One challenge for the White House is whether it can expand a defense relationship that already is enormous. Bahrain is home to the U.S. Navy’s 5th Fleet, and the Pentagon keeps 35,000 troops, two aircraft carrier task forces, cyber warfare specialists, drone aircraft units and more in the region. The United States and Saudi Arabia are in the middle of a 20-year, $60-billion arms deal.

It’s also not clear that U.S. nuclear security commitments would be useful or welcomed by the gulf states.

The administration would have a hard time trying to get Congress, which has been skeptical about the U.S.-Saudi relationship, to enact a treaty that put a U.S. nuclear “umbrella” over Arab Sunni nations, as the United States has over Japan and South Korea.

Such agreements aim to deter nuclear attack by warning foes that the United States would retaliate with overwhelming force if an ally is attacked with a nuclear weapon.

The administration might try to adopt the policy by administrative action to end-run Congress.
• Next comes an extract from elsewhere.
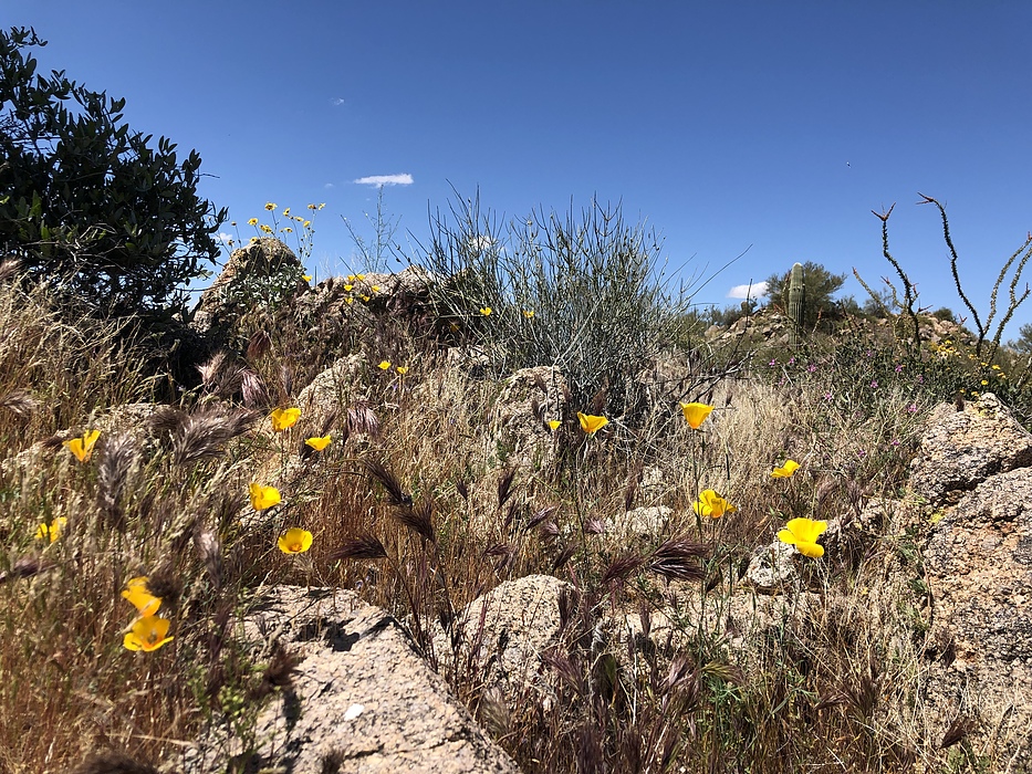 A fair amount of poppies between the peaks.

But the gulf states might not welcome a public statement to guarantee their safety. Because of domestic anger at the United States, these governments have long been leery of being too publicly aligned with Washington.

“They want an American security blanket, but without us having to shout about it,” said Simon Henderson, a Persian Gulf specialist at the Washington Institute for Near East Policy, a public policy group in Washington.

U.S. officials say they may try to persuade the Saudis to sign a so-called 1-2-3 agreement, which gives countries special U.S. help building a civilian nuclear power industry as long as they accept restrictions to prevent development of a nuclear weapons program. But analysts said the Saudis probably would not agree because, at least in theory, it would give them less freedom to pursue a nuclear program someday than the Iranians.

Another possible gesture would be to declare the gulf states “major non-NATO allies,” said Thomas Lippman, a Saudi specialist at the nonpartisan Middle East Institute in Washington. The designation, applied to close allies like Japan, Australia and Israel, provides special help in buying weapons and obtaining U.S. weapons.